Let the wedding come and let the new chapter in this already amazing life begin!

Tuesday, November 18, 2008

What is it about a gun?

What is it about a gun? My friend Beth was in the Ukraine and she visited the Kalashnikov plant where they manufacture the amazing AK47. She talked about firing it in fully automatic mode and she beamed like a lighthouse as she relived the experience. She can’t weigh 100 pounds soaking wet. Yet she felt really powerful. Her words: “It was so cool”.

Power is a funny thing. We all want it; lots of it. Jesus promised we would receive it after the Holy Ghost came in Acts 2. He said that all power was given to him. And he also said we would do the same things that he did here. So where is the disconnect?


Most of the Christians I know are fighting a real battle.
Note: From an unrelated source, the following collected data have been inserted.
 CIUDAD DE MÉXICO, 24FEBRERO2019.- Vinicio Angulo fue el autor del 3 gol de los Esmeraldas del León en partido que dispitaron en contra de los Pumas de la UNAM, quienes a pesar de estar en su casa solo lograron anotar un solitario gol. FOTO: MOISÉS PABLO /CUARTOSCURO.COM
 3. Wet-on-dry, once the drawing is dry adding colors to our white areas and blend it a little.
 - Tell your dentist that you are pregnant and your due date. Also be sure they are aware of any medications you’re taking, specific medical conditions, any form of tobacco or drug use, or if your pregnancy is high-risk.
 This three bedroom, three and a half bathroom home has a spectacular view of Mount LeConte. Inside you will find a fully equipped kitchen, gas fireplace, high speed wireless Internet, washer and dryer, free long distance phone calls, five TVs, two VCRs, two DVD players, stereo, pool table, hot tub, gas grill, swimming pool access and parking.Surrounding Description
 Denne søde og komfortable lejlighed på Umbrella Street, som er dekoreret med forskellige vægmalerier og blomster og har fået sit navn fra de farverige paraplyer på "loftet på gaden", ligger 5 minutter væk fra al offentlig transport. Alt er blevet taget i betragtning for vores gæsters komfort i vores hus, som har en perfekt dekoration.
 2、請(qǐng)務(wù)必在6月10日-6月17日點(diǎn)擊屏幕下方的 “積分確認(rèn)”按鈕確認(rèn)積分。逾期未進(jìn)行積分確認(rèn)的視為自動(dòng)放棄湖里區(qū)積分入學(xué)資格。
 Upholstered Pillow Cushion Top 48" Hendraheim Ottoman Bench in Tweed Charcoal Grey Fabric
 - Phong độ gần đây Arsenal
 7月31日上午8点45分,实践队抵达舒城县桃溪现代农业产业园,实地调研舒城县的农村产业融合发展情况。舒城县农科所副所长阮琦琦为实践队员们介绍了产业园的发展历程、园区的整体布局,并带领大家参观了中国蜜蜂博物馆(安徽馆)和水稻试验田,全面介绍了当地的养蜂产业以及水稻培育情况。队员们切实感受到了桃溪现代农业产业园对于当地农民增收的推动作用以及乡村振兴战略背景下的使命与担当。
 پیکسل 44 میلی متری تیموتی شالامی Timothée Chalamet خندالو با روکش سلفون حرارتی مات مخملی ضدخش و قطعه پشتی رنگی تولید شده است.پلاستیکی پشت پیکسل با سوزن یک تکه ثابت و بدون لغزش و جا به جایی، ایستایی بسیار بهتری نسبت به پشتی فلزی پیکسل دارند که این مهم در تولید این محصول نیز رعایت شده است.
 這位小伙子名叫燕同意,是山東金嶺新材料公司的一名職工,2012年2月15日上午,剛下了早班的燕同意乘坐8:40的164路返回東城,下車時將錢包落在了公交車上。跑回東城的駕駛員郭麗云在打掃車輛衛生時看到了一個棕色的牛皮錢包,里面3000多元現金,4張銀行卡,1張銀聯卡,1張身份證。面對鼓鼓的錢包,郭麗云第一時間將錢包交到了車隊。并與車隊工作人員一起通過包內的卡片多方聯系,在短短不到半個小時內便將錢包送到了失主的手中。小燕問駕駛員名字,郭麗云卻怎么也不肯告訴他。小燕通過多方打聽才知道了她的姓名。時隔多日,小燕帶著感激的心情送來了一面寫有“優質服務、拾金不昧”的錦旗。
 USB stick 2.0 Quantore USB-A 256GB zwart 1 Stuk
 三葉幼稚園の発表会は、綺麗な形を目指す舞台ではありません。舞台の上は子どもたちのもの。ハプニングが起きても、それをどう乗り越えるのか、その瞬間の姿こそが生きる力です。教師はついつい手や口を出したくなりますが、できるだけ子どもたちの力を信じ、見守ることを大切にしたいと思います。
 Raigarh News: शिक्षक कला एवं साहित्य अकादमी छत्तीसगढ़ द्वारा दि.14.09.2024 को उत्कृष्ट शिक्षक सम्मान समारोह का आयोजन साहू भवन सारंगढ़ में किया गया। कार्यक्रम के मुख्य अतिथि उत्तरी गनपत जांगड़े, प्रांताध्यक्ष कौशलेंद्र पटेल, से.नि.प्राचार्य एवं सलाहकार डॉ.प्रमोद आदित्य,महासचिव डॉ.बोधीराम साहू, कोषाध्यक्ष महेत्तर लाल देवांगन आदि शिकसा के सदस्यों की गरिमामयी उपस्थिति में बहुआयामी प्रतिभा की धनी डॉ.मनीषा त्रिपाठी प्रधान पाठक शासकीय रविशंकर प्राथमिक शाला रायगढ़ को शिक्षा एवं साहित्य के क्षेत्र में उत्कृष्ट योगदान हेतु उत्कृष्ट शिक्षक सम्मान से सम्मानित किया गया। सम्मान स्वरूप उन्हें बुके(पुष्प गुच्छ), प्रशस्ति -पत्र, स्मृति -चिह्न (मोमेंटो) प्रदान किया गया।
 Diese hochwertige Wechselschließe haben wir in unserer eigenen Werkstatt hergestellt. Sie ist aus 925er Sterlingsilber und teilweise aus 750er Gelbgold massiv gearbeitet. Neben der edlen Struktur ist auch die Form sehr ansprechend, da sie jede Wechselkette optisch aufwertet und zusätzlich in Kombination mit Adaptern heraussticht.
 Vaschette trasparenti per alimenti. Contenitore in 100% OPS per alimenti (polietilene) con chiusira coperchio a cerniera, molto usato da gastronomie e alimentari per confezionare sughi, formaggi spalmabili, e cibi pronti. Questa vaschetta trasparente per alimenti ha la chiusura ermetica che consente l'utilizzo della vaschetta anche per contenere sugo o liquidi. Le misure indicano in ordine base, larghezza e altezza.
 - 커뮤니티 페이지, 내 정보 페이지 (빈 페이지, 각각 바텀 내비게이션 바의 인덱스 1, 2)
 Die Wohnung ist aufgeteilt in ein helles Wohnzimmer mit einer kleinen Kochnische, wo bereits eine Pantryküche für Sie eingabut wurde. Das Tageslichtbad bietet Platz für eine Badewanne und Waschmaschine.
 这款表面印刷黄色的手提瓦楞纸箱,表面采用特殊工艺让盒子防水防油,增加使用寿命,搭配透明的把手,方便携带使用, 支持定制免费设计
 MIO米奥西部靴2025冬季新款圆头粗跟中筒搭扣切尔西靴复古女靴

They have to fight for their kids against the indoctrination of garbage like MTV. They have to battle their lustful thoughts every time they walk through a shopping mall and see women dressed like little whores. They have the daily battle against doubt, discouragement, the culture of a damned world, and propensity to do our own thing because the influence of rebellion and unrest is wafting through the air. Women have to battle for the affections of their husbands. Students have to find their place on the campus against the wall of peer pressure.

In the twelve step program, people recite over and over how powerless they are. But are they really? And isn’t it power that will eventually ease the war.

It’s time to arm up! It’s time to kick the enemy in the gonads. It might seem a little hypocritical because I have posted things in the past that were more of a faith statement than a report of current events. But I’m starting to get my power back. And it feels good. Maybe it’s my impending marriage. Maybe it’s God’s merciful intervention. But then again, maybe I’m just sick and tired of letting the bully come in, throw me down, and take my lunch money.